Hekkesh é diferente degzerah shavah (analogia - aprendemos alguma coisa em


um versículo e aplicamos a outro). Em hekkesh, no entanto, são examinados dois
versículos que têm as mesmas palavras, dando origem a uma doutrina
completamente nova que não é indicada por nenhum um dos versículos
sozinhos.

Um exemplo do uso de hekkesh no Novo Testamento ocorre em Mateus 5:27-28,


onde Yeshua diz: “Ouvistes que foi dito:
'Não adulterarás. Eu, porém, vos digo: qualquer que olhar para uma mulher
com intenção impura, no coração, já adulterou

com ela." Como Yeshua poderia dizer que se um homem olha para uma mulher
com intenção de imoralidade sexual, ele já cometeu adultério? Na verdade, há
muitas passagens rabínicas que proíbem a luxúria exatamente nos mesmos
princípios. O que é único então, sobre a equação de Yeshua de luxúria e adultério
é que Ele baseou esta decisão haláchica pelo uso do hekkesh. Êle combinou dois
dos Dez Mandamentos, “não cometerás adultério” e “não cobiçarás”, de Êxodo
20, e juntou-os para concluir que a proibição da Torá sobre adultério também
inclui pecados que vão além da relação sexual com a esposa de outro homem.

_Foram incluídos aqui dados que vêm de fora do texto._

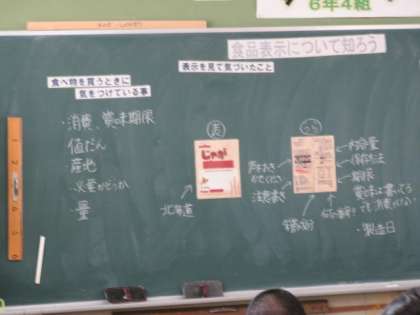 栄養士の先生が来校し、賞味期限について栄養指導をしていただきました。6年生たちはもうすぐに、自分たちで買い物をしたり、料理をしたりするようになるでしょう。その時に、今回の賞味期限(食べられる期間が短い食べ物用)や消費期限(食べられる期間の長い食べ物用)の話は、必ず、役に立ちます。子どもたちも、真剣に聞いていました。

Yeshua conseguiu combinar estes dois mandamentos porque a palavra da


Septuaginta para “cobiçar”, nos dez mandamentos, é o mesmo verbo grego
(epithymeo) que Yeshua usa em Mateus 5 para “luxúria”n “Em outras palavras,
Yeshua lê o humanamente inexequível décimo mandamento como sendo tão
importante quanto os outros mandamentos humanamente mais executáveis. Na
ética de Mateus, se alguém não quebra os mandamentos, mas deseja fazê-lo, já
se tornou culpado.”5 6

Yeshua, na realidade, toma dois versículos, bate um contra o outro, compara-os e


faz um hekkesh. Assim, Ele ensina algo completamente novo: que o adultério
não é apenas o ato físico, mas também a intenção. Ele conclui que o
mandamento, “Não cometerás adultério” não significa apenas o ato em si,
mas também a intenção que surge no coração e é cometida com os olhos.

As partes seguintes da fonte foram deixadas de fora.